Religious
- Born: Annakkutty Payyappilly 10 December 1906 Mallusserry, Kerala, India
- Died: 23 April 1993 (aged 86) Karukutty, Kerala, India
- Venerated in: Syro-Malabar Catholic Church

= Mary Celine Payyappilly =

Nun from Kerala, India

Mary Celine Payyappilly was a Syrian Catholic (Syro-Malabar) nun from the Indian state of Kerala. She was declared as Servant of God by Mar George Cardinal Alencherry, Major Archbishop of the Syro-Malabar Catholic Church on 9 April 2018.

==Family==
Mary Celine Payyappilly was born as Annakkutty Payyappilly on 10 December 1906 at Mallusserry to Payyappilly Ousep and Kochumariam.
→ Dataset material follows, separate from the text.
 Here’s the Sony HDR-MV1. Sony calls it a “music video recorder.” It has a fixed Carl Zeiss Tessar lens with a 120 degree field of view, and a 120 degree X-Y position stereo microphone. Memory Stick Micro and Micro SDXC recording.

Payyappilly is an ancient Nasrani family in India believed to be baptized by Thomas the Apostle in Kottakkavu, North Paravur in the first century. The word Payyappilly, translated as "beautiful building" or "beautiful house", is derived from the Syriac ܦܐܝܐ Payya "beautiful, radiant" and the Malayalam word പിള്ളി Pilly, a variant of പള്ളി Pally, "church, building". Her forefather Vareed Payyappilly migrated from Paravur to Mallusserry and settled at Thattaduparambu. Hence her family is also known as Thattad Payyappilly. Mary Celine Payyappilly is the second Servant of God from Payyappilly family; the first being Mar Varghese Payyappilly, whose forefather Payyappilly Cheria Mappila migrated from Paravur to Perumanoor and founded the Palakkappilly branch of Payyappilly family.

==Life==
Annakkutty Payyappilly had her schooling in the Government school at Vattapparambu and became a C.M.C. (Congregation of the Mother of Carmel) sister on 29 May 1928. Mary Celine Payyappilly started her career as a teacher at St. Joseph School, Karukutty. Later, she served as the headmistress of St. Augustine's High School, Muvattupuzha and B.T.S., Karukutty. She was elected as the Superior General of Ernakulam and Kothamangalam provinces of C.M.C. on 17 March 1963 and went on to become the first Superior General of the united C.M.C. congregation on 16 November 1963. In 1968, she was re-elected as Superior General and retired in 1974 after serving as Superior General for 11 years. It was she who built the Central House Generalate of the united C.M.C. at Thaikattukara, Aluva. She died on 23 April 1993 at Karukutty.

==Cause==

The Cause of the Beatification of Mary Celine Payyappilly was initiated on 9 April 2018 by Mar George Alencherry, Major Archbishop of the Syro-Malabar Church in the presence of the bishops Mar Sebastian Adayanthrath and Mar Jose Puthenveettil.